Consumer demand for EVs has fallen dramatically, forcing General Motors (GM) to cut production in favor of gas engine models and Tesla to reduce pricing to keep inventory moving.

However, Tesla has the margins to play with. It can cut prices to keep volume up, maintaining efficiencies and capturing a higher market share.



Source: Stock Analysis

Tesla has done a good job meeting Musk’s 50% annual growth target.

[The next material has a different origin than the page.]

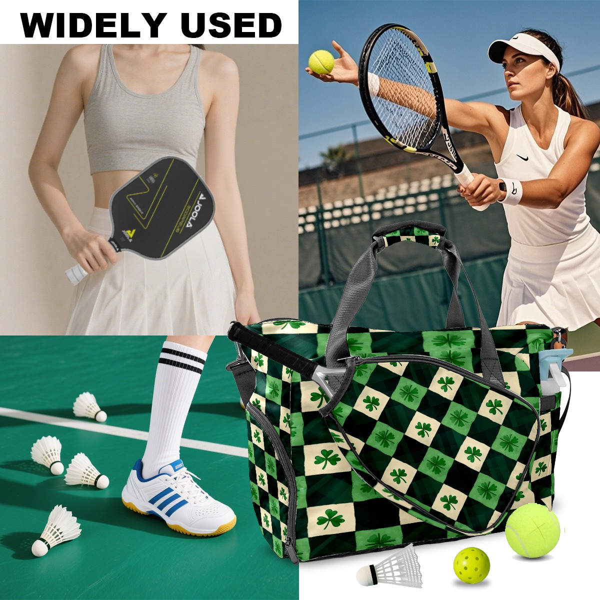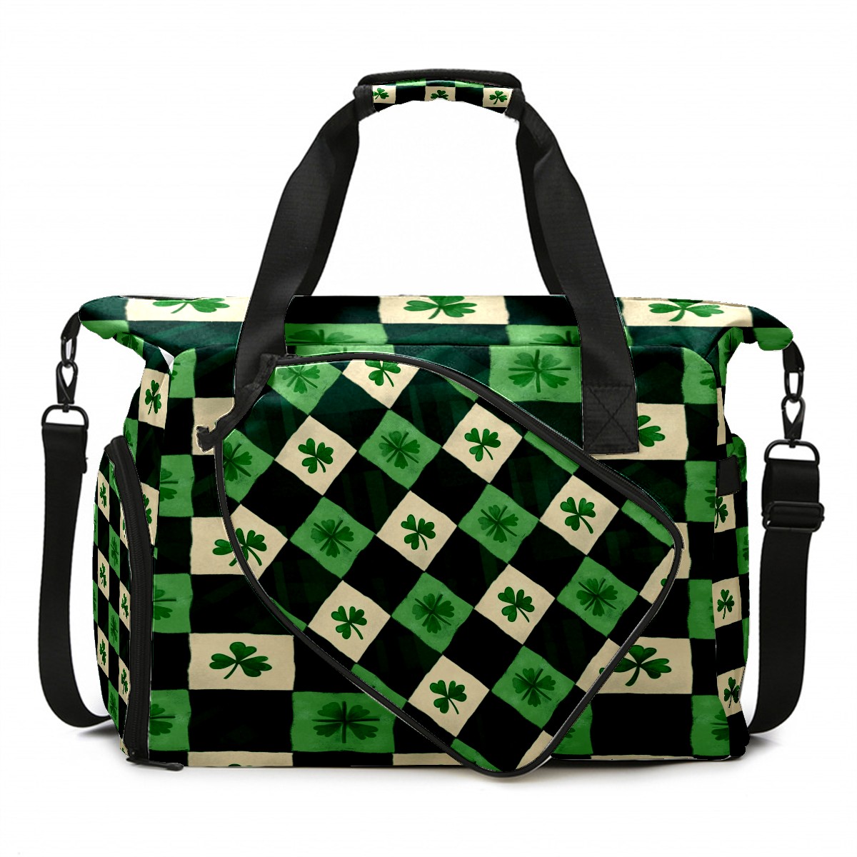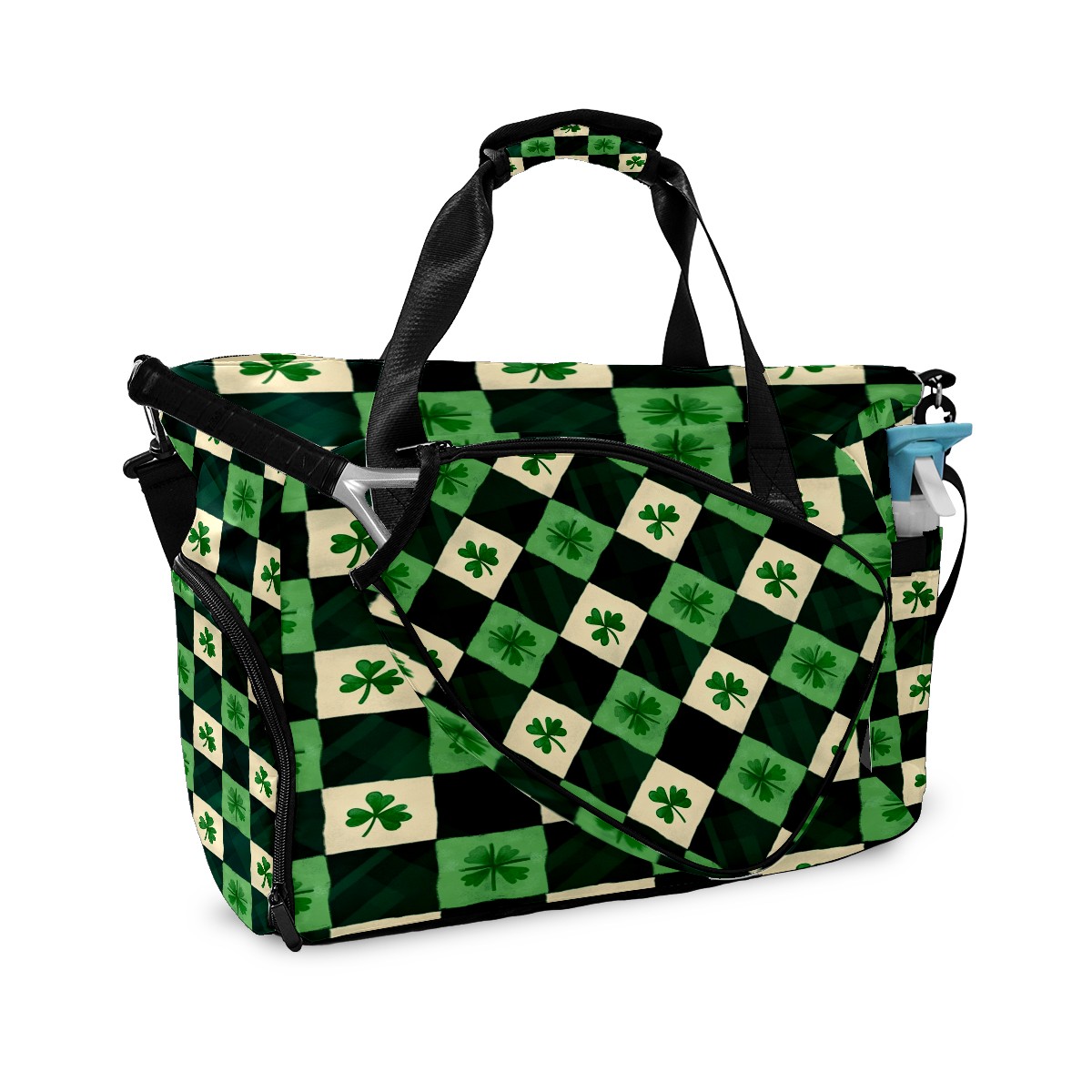 Lightweight Pickleball Tote Bag with Large Capacity, Shoe Compartment, Large Paddle Storage, Water Bottle Holder & Fence Hook for Women & Men St.patricks Day Checkered

However, margins have compressed recently as the company faced inflationary pressures and price drops.

Unfortunately, everything relies on the cost of production and sales prices.

You can see above how gross margins largely dictate everything from profit margins to free cash flow.

Amazingly, Tesla has funded its growth almost entirely through its operations as total debt sits at just $9.6 billion. Of the almost $14 billion in operating cash flow, the company expects Capex to increase from $8 billion in 2023 to $10 billion in 2024.



Source: Seeking Alpha

Compared to its peers, Tesla looks expensive.

However, it keeps getting cheaper as its volume expands and costs come down. Its 46x cash is relatively cheap compared to its historical valuation.

And with sales expected to keep climbing, that multiple will continue to shrink.



Source: Seeking Alpha

Tesla is in its own growth category.Only Nio (NIO) comes anywhere close.

The legacy automakers typically average growth in the single digits.

Tesla’s worst years are still close to 20%.

And as it improves operational efficiencies, we expect free cash flow to keep expanding.



Source: Seeking Alpha

The profitability metrics say it all.

Toyota Motors (TM) is the only one in the ballpark in terms of gross and EBIT margin. But it’s still behind on net income margin.

Plus, Tesla is more consistent in its margins and results.

Our Opinion: 10/10

Tesla may be volatile and facing a challenging 2024.

However, we believe it’s more likely to hurt other automakers more.

Tesla is the best at what they do, with unmatched manufacturing.

All of this says nothing about its AI and autopilot capabilities.

We’d buy Tesla on pullbacks, using volatility to get better entry prices.